Prime curves: (x, y) → (x, −y mod p). Binary curves: (x, y) → (x, x ⊕ y) (since −1 = 1 in GF(2)).

pub fn add(&self, p: &AffinePoint, q: &AffinePoint) -> AffinePoint

Add two affine curve points.

pub fn double(&self, p: &AffinePoint) -> AffinePoint

Double an affine curve point (2P).

pub fn scalar_mul(&self, point: &AffinePoint, k: &BigUint) -> AffinePoint

Scalar multiplication k·P.

Returns the point at infinity when k = 0 or P = ∞.

pub fn diffie_hellman( &self, private_scalar: &BigUint, public_point: &AffinePoint, ) -> AffinePoint

Compute the ECDH shared point d·Q.

In Diffie-Hellman, Alice holds private scalar d and receives Bob’s public point Q = d_B·G; the shared secret is the x-coordinate of d·Q = d·d_B·G.

pub fn random_scalar<R: Csprng>(&self, rng: &mut R) -> BigUint

Sample a uniform random scalar in [1, n).

This is the standard private-key range for ECDH and ECDSA. The scalar is sampled by rejection sampling over the n-bit range, which is the FIPS 186-5 recommended method.

Panics

Panics only if the curve order n is malformed (n <= 1), which would indicate a bug in the curve parameters.

pub fn generate_keypair<R: Csprng>(&self, rng: &mut R) -> (BigUint, AffinePoint)

Generate a random key pair (d, Q) where Q = d·G.

Returns (private_scalar, public_point).

Panics

Panics only if the curve parameters are malformed in a way that makes random_scalar fail.

pub fn scalar_invert(&self, k: &BigUint) -> Option<BigUint>

Compute k⁻¹ mod n (modular inverse of a scalar modulo the subgroup order).

Used in ECDSA signing.
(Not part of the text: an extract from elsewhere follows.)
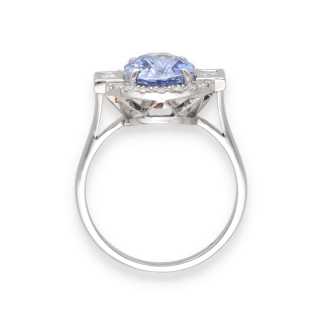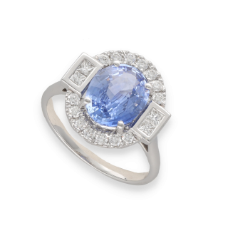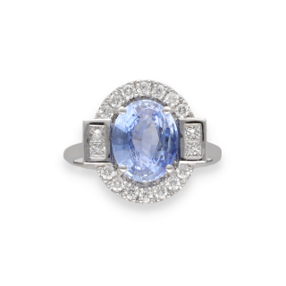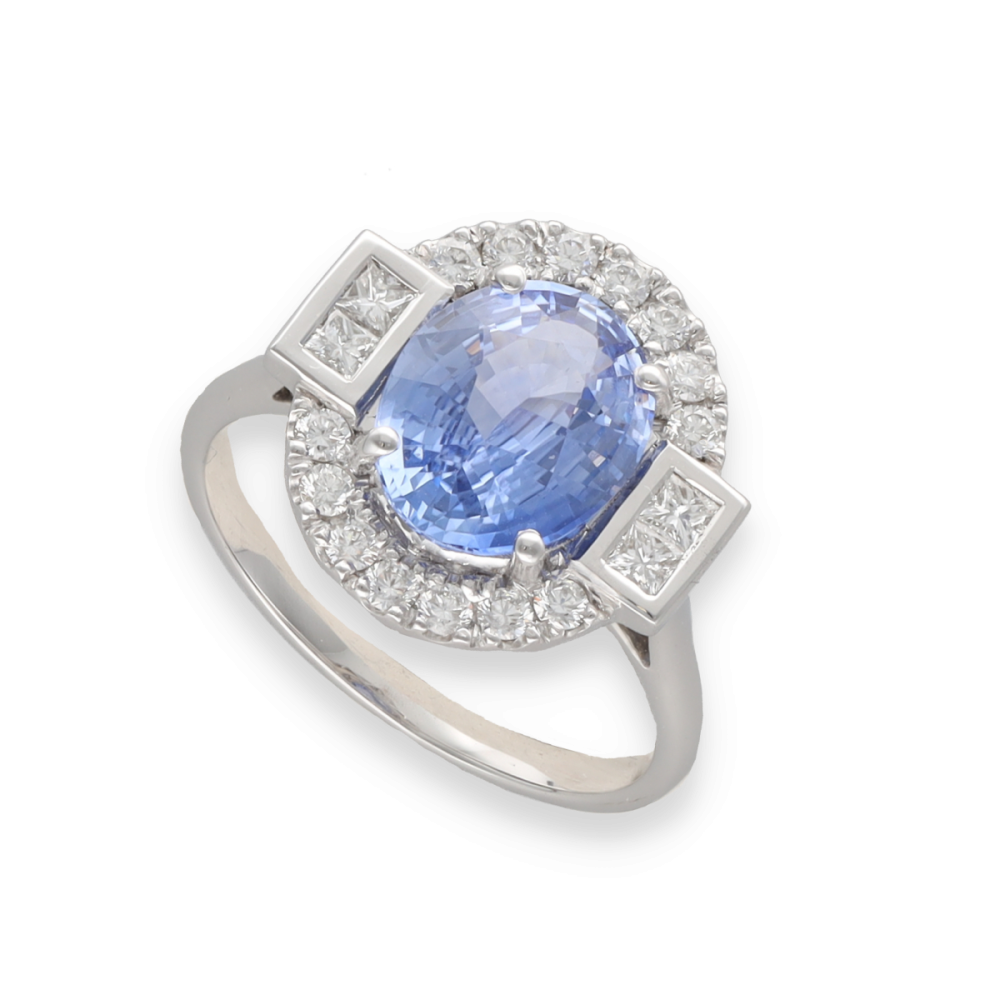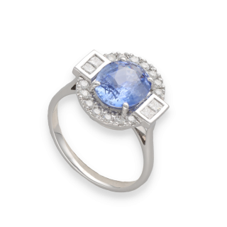 Elle est ornée en son centre d’un magnifique saphir de Ceylan naturel de 2.88 carats, d’une teinte bleue intense et lumineuse, mis en valeur par un entourage de diamants brillants totalisant environ 0.50 carat.

Returns None if k = 0 (which the caller must prevent; a zero nonce breaks ECDSA signing regardless).

pub fn encode_point(&self, point: &AffinePoint) -> Vec<u8>

Encode a point as an uncompressed SEC 1 byte string.
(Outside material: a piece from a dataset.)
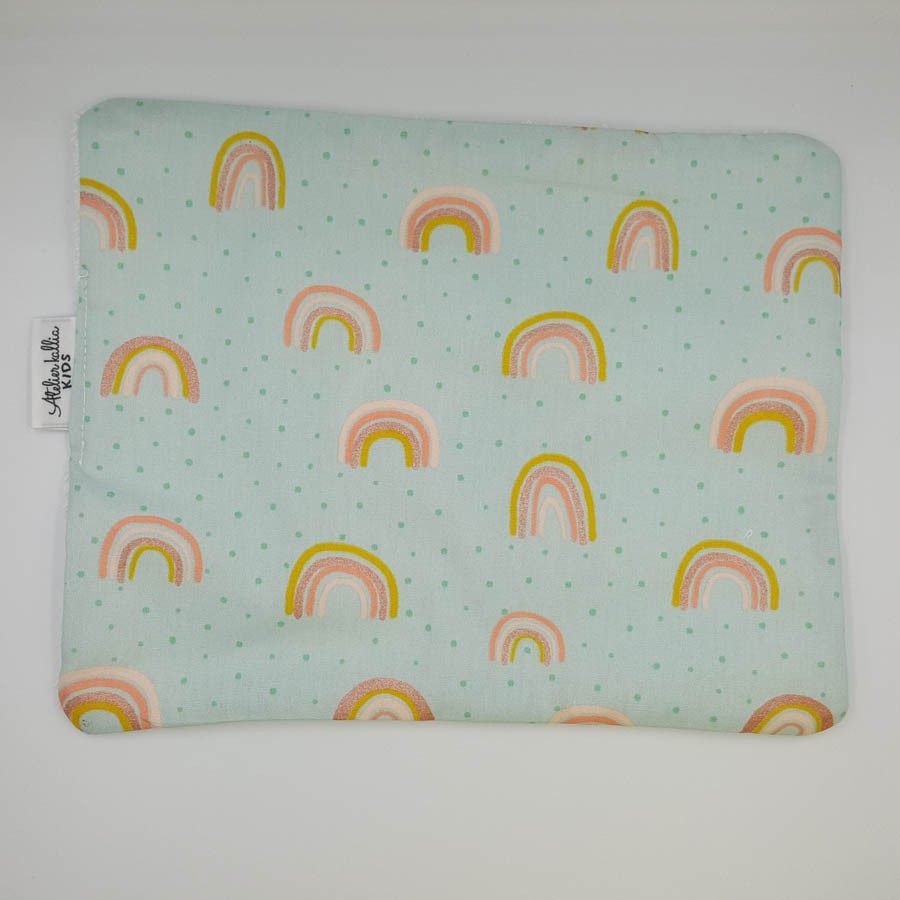 Χειροποίητο πετσετάκι θηλασμού με ουράνια τόξα.

Format: 04 || x (coord_len bytes big-endian) || y (coord_len bytes big-endian).

The leading 04 tag is the SEC 1 v2.0 uncompressed-point identifier. The total length is 1 + 2·coord_len bytes. The point at infinity encodes as the single byte 00.

pub fn encode_point_compressed(&self, point: &AffinePoint) -> Vec<u8>

Encode a point in compressed SEC 1 form.

Prime curves: format 02 || x if y is even, 03 || x if y is odd. Binary curves: format 02 || x if LSB(y·x⁻¹) = 0, 03 || x otherwise (per FIPS 186-4 §4.3.6; falls back to 02 when x = 0).
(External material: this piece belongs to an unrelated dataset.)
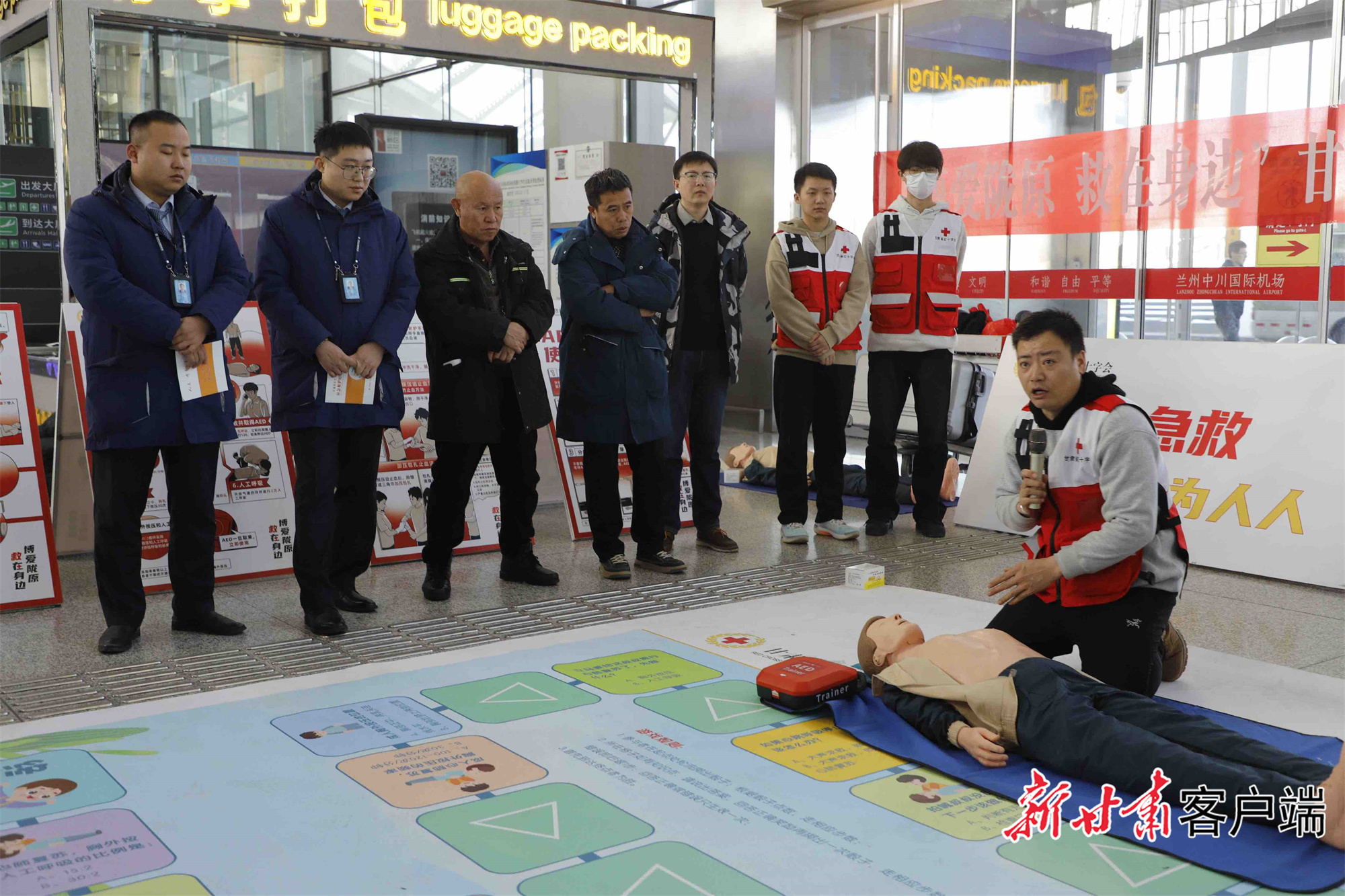 据了解,2025年春运启动后,甘肃省红十字会联合中国铁路兰州局集团有限公司、兰州中川国际机场有限公司,准备了14场红十字“急救地摊”活动。活动选址在中川机场、兰州西站等交通枢纽,目的是让出行的旅客在候机、候车的零碎时间里,有机会学习旅途中可能遇到的突发状况,如心脏骤停、气道异物梗阻等的应对方法,为旅客的出行安全增加一份保障。

The point at infinity encodes as 00.

Panics

Panics only if an internal binary-field invariant is violated after the explicit x = 0 guard, which would indicate a bug in the compression logic.

pub fn decode_point(&self, bytes: &[u8]) -> Option<AffinePoint>

Decode an uncompressed or compressed SEC 1 point.

Returns None for any of:

• wrong byte length for the tag,
• unrecognised tag byte,
• coordinates that fail the on-curve check,
• prime-field compressed encoding on a curve with p ≢ 3 (mod 4),
• binary-field compressed encoding with an invalid x-coordinate.

Trait Implementations

impl Clone for CurveParams

fn clone(&self) -> CurveParams

Returns a duplicate of the value.

fn clone_from(&mut self, source: &Self)

Performs copy-assignment from source.

impl Debug for CurveParams

fn fmt(&self, f: &mut Formatter<'_>) -> Result

Formats the value using the given formatter.